The stuff of tabloids for their on-again/off-again relationship in life, Barrymore and Long are adorable together. Even with some of the more outrageous lines that screenwriter Geoff LaTulippe has sprouting from Erin and Garret's mouths there is a sweetness there that makes them easy to root for as a couple. LaTulippe's stroke of genius was to saddle them with professions that would probably be shrinking rather than expanding even in a healthier economy. Erin is already worried that she is late in starting her career and now journalism jobs are growing ever more elusive. Garrett is just as frustrated at his boss Will's (Ron Livingston) unwillingness to sign any band that doesn't have mass commercial appeal. But he knows he's lucky to have a job in music and she knows she has to go where the jobs are, even if it's not back to New York and her beloved. The long-distance affair is frustrating, but they don't really have a choice.

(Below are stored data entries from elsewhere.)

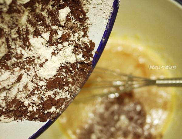 加入已過篩的麵粉及可可粉和泡打粉,慢慢攪拌均勻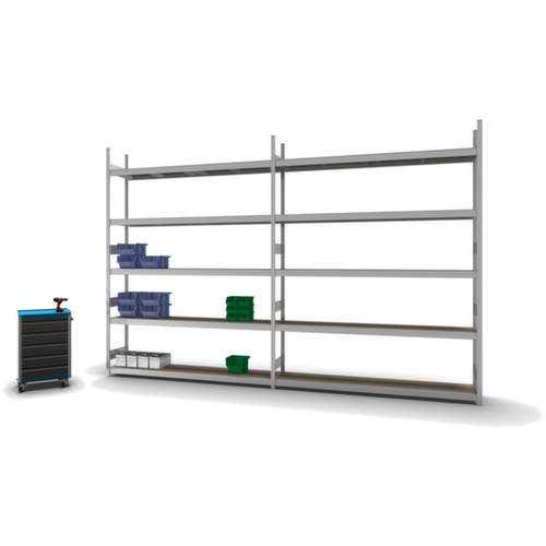 rayonnage départ. système emboîtable ORION PLUS – montage rapide ; toutes les tablettes peuvent être utilisées sans outil, de manière variable et à tout moment.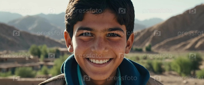Веселый мальчик лет 10-15 широко улыбается на фоне потрясающего афганского пейзажа. На заднем плане горы и зеленая растительность, демонстрирующая его живой дух. Генеративный ИИ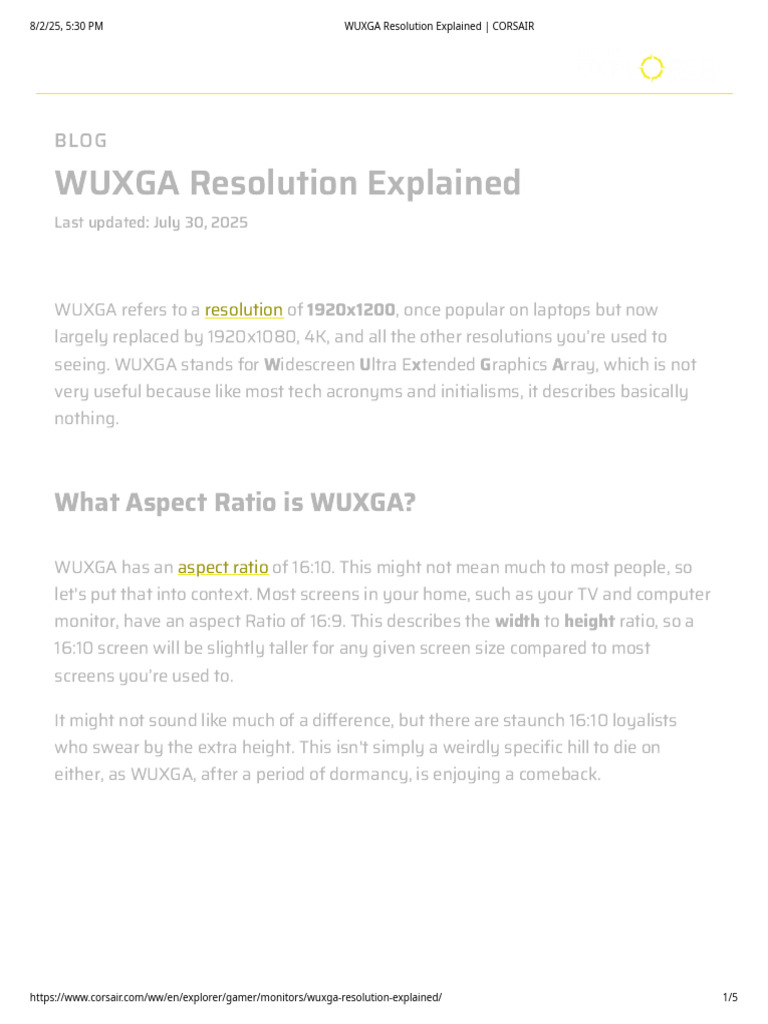 WUXGA Resolution Explained - CORSAIR | PDF | Electronics | Computer ...

Surrounding the couple are her overprotective sister, Corinne (Christina Applegate), and his best buds, Dan (Charlie Day) and Box (Jason Sudekis). Applegate is a gifted comedian, but here she is stuck in that hoary cliché of a role, the long married lady with complaints about her husband and her sex life that aren't too far removed from TV sitcom humor. Day and Sudeikis fare much better, giving even people who hate RomComs reason to see the movie. The pair is on hand to add not only a welcome sprinkling of bromance, but also the biggest laughs in the movie. Day, in particular, as Garrett's roommate who delights in disturbing the couple in the next room through their paper-thin shared wall (and who makes winning use of Garrett's apparent obsession with the movie Top Gun) is as delightful as he is demented. Both actors are hilarious, stealing every scene they're in.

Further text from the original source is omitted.